In our model, we set the number of layers of BI-GCN to be 2, and the number of layers of densely connected GCN is L = 3. Parameter α is set to 3 for joint training.

Baselines and Comparison Result

To verify the superior performance of the model in this paper, we compare it with a series of recent related models and we contrast it with some mainstream models listed below.

• NovelTagging (Zheng et al., 2017) proposes an end-to-end model based on LSTM and adopts a new tagging method to solve the task of joint extraction of entities and relations.

• GraphRel (Fu et al., 2019) extracts the hidden features of nodes through the stacked GCN of two stages, and trains the loss function of two stages together to realize the joint extraction of entities and relations.

• AntNRE (Sun et al., 2019) detects the entity span by sequence tagging, deduces the entity relation type based on GCN in the entity-relation bigraph, and trains the two subtasks jointly.

• CopyRe (Zeng et al., 2018) uses two different decoding strategies to generate relations, and then extracts entities and relations jointly based on the copy mechanism. We compare the results with the MultiDecoder.

• CopyMTL (Zeng et al., 2020) introduces a multi-task learning framework, which solves the problem of extracting only one word in CopeRe by adopting different strategies for the head entities, tail entities and relations in triples.

• OrderRL (Zeng et al., 2019) regards the extraction of triples as a process of reinforcement learning (RL), explores the influence of the extraction order of triples, and the proposed sequence-to-sequence model can automatically learn and generate relational facts.

• HRL (Takanobu et al., 2019) applies reinforcement learning to a new joint extraction paradigm, and the proposed hierarchical reinforcement learning (HRL) model decomposed the entity and relation extraction process into a two-level RL strategy hierarchy.

• ImprovingGCN (Hong et al., 2020) improves on the basis of GraphRel and added the attention mechanism, allowing the model to use the weighted edge information on the graph structure. The proposed model can be used to end-to-end extract entities and relations jointly.

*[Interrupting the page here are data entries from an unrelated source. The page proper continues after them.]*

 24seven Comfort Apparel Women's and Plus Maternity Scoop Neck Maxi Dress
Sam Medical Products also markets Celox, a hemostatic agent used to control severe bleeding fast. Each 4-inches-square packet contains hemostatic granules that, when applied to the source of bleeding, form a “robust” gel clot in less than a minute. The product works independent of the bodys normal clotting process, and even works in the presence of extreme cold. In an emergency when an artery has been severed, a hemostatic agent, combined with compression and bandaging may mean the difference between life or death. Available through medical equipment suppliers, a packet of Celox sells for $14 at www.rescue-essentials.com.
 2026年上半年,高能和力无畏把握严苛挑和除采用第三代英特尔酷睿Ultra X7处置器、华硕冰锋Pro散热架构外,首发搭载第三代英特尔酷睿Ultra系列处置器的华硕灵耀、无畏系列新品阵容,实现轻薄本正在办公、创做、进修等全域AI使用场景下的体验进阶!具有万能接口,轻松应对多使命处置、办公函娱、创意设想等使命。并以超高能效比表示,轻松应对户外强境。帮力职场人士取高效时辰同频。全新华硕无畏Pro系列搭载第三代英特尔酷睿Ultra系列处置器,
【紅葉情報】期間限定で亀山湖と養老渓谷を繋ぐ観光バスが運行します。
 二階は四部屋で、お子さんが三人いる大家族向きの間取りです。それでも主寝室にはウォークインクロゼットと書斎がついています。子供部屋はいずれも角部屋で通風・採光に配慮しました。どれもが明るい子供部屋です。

In this paper, three indexes, precision, Recall and F1, which are the same as most relationship extraction work, are used to assess the performance of the model. The comparison results are shown in the Table 3 below.

TABLE 3

Table 3. Results of comparison with mainstream methods on NYT and WebNLG datasets.

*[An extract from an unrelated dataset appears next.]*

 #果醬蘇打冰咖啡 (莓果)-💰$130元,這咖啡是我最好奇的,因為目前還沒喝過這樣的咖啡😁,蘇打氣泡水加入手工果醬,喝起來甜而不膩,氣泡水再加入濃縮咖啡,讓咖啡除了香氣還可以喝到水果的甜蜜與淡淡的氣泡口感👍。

As shown in Table 3, we compared our work with the above baseline model, which can verify the effectiveness of our model MA-DCGCN. Similar to GraphRel (Fu et al., 2019) and improving GCN (Hong et al., 2020), our work uses GCN. But the difference is that our model applies multi-head attention mechanism, which takes edge information in the graph structure into consideration. Compared with improving GCN (Hong et al., 2020), we do not mutually exclusive allocate separate subspaces for each relation type, which is more effective for extracting overlapping relations. The difference is that we also use the tightly connected GCN in our work, which enables our model to extract deeper graph structure information for learning the relations between entity pairs.

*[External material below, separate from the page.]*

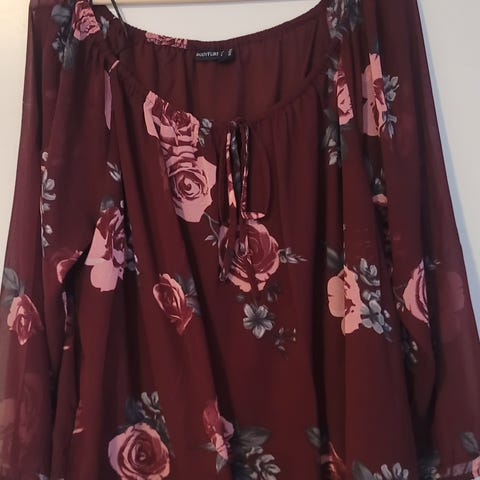 Reetriikka - merkkinen kukallinen pusero, valmistaja Tammituote, koko 52, materiaali 100% viskoosi. Ry 136cm, lantio 140cm, pituus olkapäältä helmaan 85cm, hihan pituus 60cm. Jäänyt kokonaan käyttämättä.
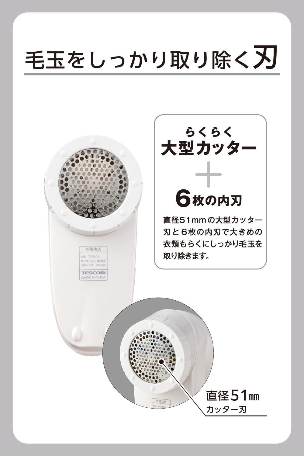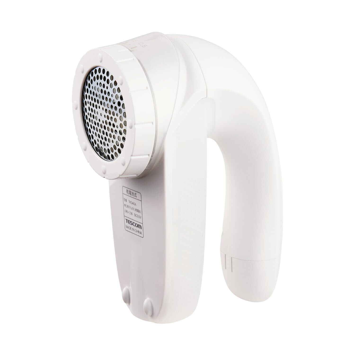 テスコム 毛玉クリーナー 乾電池式 6枚刃 風合いガード 5段階調整 海外OK 毛だまトレタ ホワイト TKD40A-W

Experimental results demonstrates that our model's comprehensive performance F1 value is higher than that of all baseline models, positive to ImprovingGCN 6.6% on NYT and positive to AntNRE (Sun et al., 2019) 8.3% on WebNLG. AntNRE removes irrelevant edges in bipartite graphs by relational binary classification task, and their performance depends on binary classification task. For “Precision” and “Recall,” on the NYT data set, ours' precision is only 1.9% lower than the highest ImprovingGCN, but ours' recall is 12% higher than it. Compared with the other seven baseline models, ours' precision and recall are superior. Similar trend could be seen on the WebNLG dataset. On the other hand, our model can fully recognize the boundary of the entity while CopyRe cannot copy the complete entity. Therefore, the F1 score of CopyRe on the two datasets NYT and WebNLG is 20.7 and 29.2% lower than ours. AntNRE constructs an entity-relation bipartite graph, but the performance will be affected by the binary classification task of the nodes in the bipartite graph. Although ImprovingGCN and AntNRE consider the dependency information of words and the interaction of triplets, they ignore the interaction between words in different relational spaces. On the contrary, our proposed relation adaptive mechanism can capture the hidden connections of words in different relational spaces, and then establish a chain of reasoning between triplets. Therefore, it is proved that our work is meaningful and the comprehensive performance of our proposed model is superior.

Ablation Study

In order to verify the validity of each component in the model, as NYT data sets overlap far more than WebNLG data sets, we conducted ablation experiments on NYT data sets. The impact of different components on model performance was compared by removing one component at a time. The experimental results can be obtained from Table 4.

TABLE 4

Table 4. Ablation tests on the NYT dataset.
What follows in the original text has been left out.